• EXERCISE GOAL
Setting pictures aside, output exactly the lines from the start of the records to the line with "Ekipler yaptıkları çalışma", that line included.

• INFORMATION PROVIDED
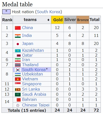 なかなか更新されないけれども、インドがかなりメダルを獲っているなあ、という印象。
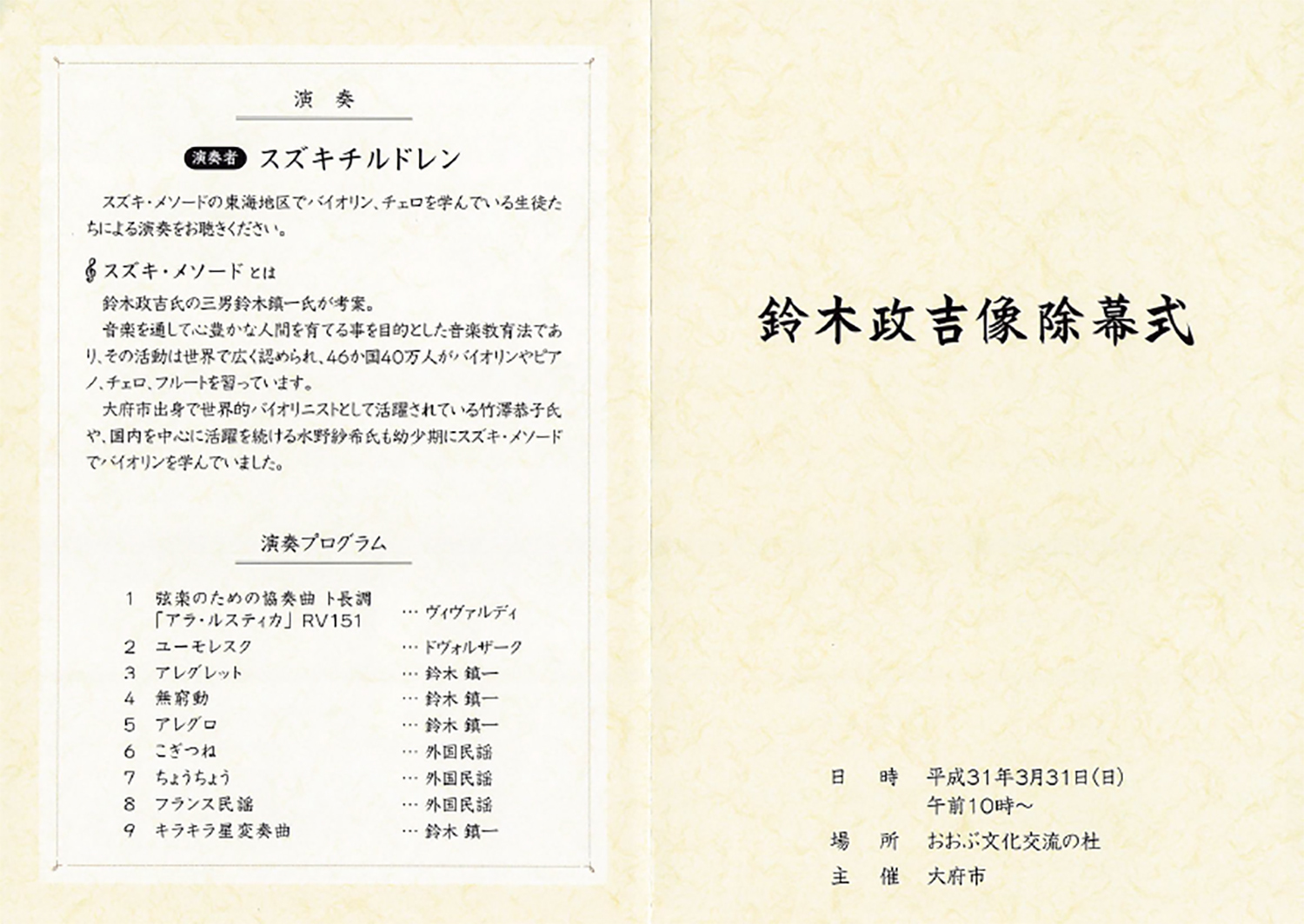まずは、岡村秀人大府市長より、主催者として「予定以上の寄付を賜り、大変感謝しています。今後は鈴木政吉さんなど郷土の偉人を道徳の副教材でも扱うことになりますし、今回の銅像の制作をきっかけに、大府が音楽の町、ヴァイオリンの町であることを多くの皆さんに知って欲しいです」とのご挨拶がありました。
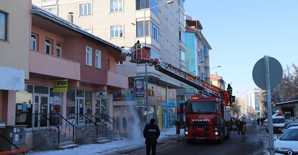 Ekipler yaptıkları çalışma kapsamında, çarşı merkezindeki binaların çatılarından sarkarak tehlike oluşturan buz ve kar kütlelerini itfaiye aracının merdiveni yardımıyla düşürdü.
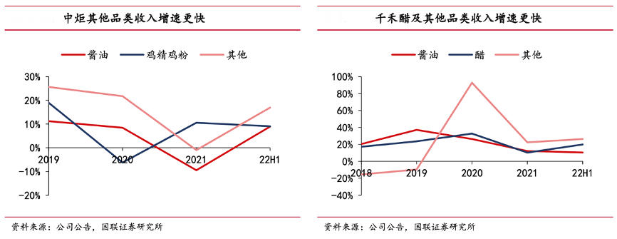 經(jīng)典案例:根據(jù)公司公告、國聯(lián)證券研究所等綜合資訊表明,中炬其他類調(diào)味 品(蠔油、醋、料酒、腐乳等)近三年保持高雙位數(shù)增長,明顯快于醬油的個(gè)位數(shù)。千禾的醋與醬油增速均在 20%左右,料酒等其他類別從 2020 年開始起勢,近兩年平均增速接近 50%。
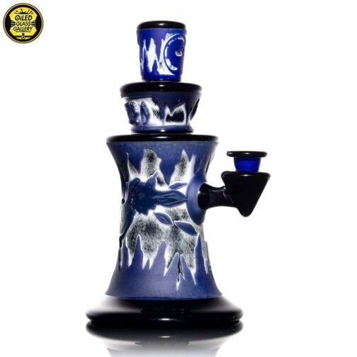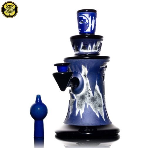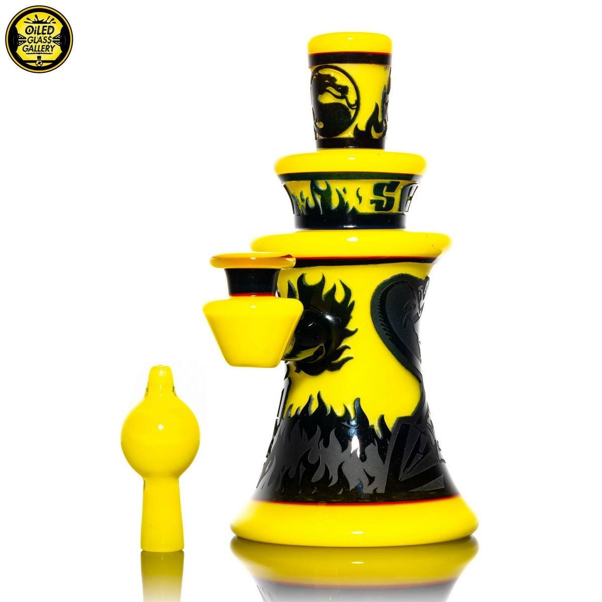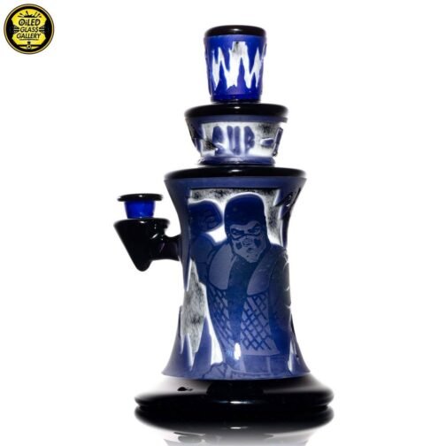 2023 10mm 7.25in “Mortal Kombat” Sub-Zero Carved Jammer tube made of a Northstar Glass Cobalt, Northstar Glass Star White and Northstar Glass Jet Black. Features multiple layers of deep carvings into the glass along the can and the Mortal Kombat logo on the neck. Comes with a matching 25mm bubble cap, has a 4-hole inverted showerhead perc and comes shipped in a Pelican case.

• ANSWER BELOW
 なかなか更新されないけれども、インドがかなりメダルを獲っているなあ、という印象。
まずは、岡村秀人大府市長より、主催者として「予定以上の寄付を賜り、大変感謝しています。今後は鈴木政吉さんなど郷土の偉人を道徳の副教材でも扱うことになりますし、今回の銅像の制作をきっかけに、大府が音楽の町、ヴァイオリンの町であることを多くの皆さんに知って欲しいです」とのご挨拶がありました。
 Ekipler yaptıkları çalışma kapsamında, çarşı merkezindeki binaların çatılarından sarkarak tehlike oluşturan buz ve kar kütlelerini itfaiye aracının merdiveni yardımıyla düşürdü.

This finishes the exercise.